May 30, 2024

Archives for January 2010

Census of Files Available via BitTorrent

BitTorrent is popular because it lets anyone distribute large files at low cost. Which kinds of files are available on BitTorrent? Sauhard Sahi, a Princeton senior, decided to find out. Sauhard’s independent work last semester, under my supervision, set out to measure what was available on BitTorrent. This post, summarizing his results, was co-written by Sauhard and me.

Sauhard chose a (uniform) random sample of files available via the trackerless variant of BitTorrent, using the Mainline DHT. The sample comprised 1021 files. He classified the files in the sample by file type, language, and apparent copyright status.

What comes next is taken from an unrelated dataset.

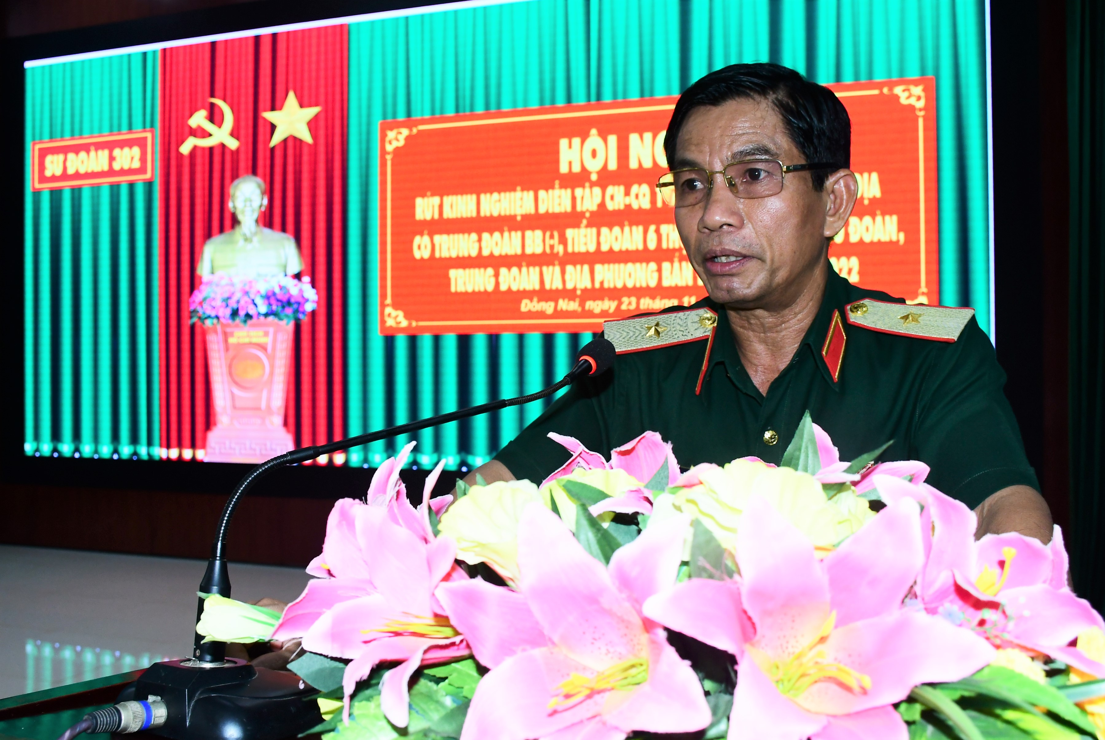 Phát biểu chỉ đạo, Thiếu tướng Đặng Văn Hùng, Phó Tư lệnh, Tham mưu trưởng Quân khu biểu dương sự nỗ lực, cố gắng của cán bộ, chiến sĩ Sư đoàn 302 đã khắc phục khó khăn, hoàn thành xuất sắc nhiệm vụ diễn tập chỉ huy, cơ quan 1 bên, 2 cấp có bắn đạn thật năm 2022. Cuộc diễn tập được lãnh đạo, chỉ đạo chặt chẽ, công tác chuẩn bị kỹ lưỡng, có sự đổi mới toàn diện về quy mô, nội dung và phương pháp, công tác chỉ huy, hiệp đồng diễn tập chặt chẽ, thống nhất.

Before describing the results, we need to offer two caveats. First, the results apply only to the Mainline trackerless BitTorrent system that we surveyed. Other parts of the BitTorrent ecosystem might be different. Second, all files that were available were equally likely to appear in the sample — the sample was not weighted by number of downloads, and it probably contains files that were never downloaded at all. So we can’t say anything about the characteristics of BitTorrent downloads, or even of files that are downloaded via BitTorrent, only about files that are available on BitTorrent.

With that out of the way, here’s what Sauhard found.

File types

46% movies and shows (non-pornographic)
14% games and software
14% pornography
10% music
1% books and guides
1% images
14% could not classify


For the movies and shows category, the predominant file format was AVI, and other formats included RMVB (a proprietary format for RealPlayer), MPEG, raw DVD, and some multi-part RAR archives. Interestingly, this section was heavily biased towards recent movies, instead of being spread out evenly over a number of years. In descending order of frequency, we found that 60% of the randomly selected movies and shows were in English, 8% were in Spanish, 7% were in Russian, 5% were in Polish, 5% were in Japanese, 4% were in Chinese, 4% could not be determined, 3% were in French, 1% were in Italian, and other infrequent languages accounted for 2% of the distribution.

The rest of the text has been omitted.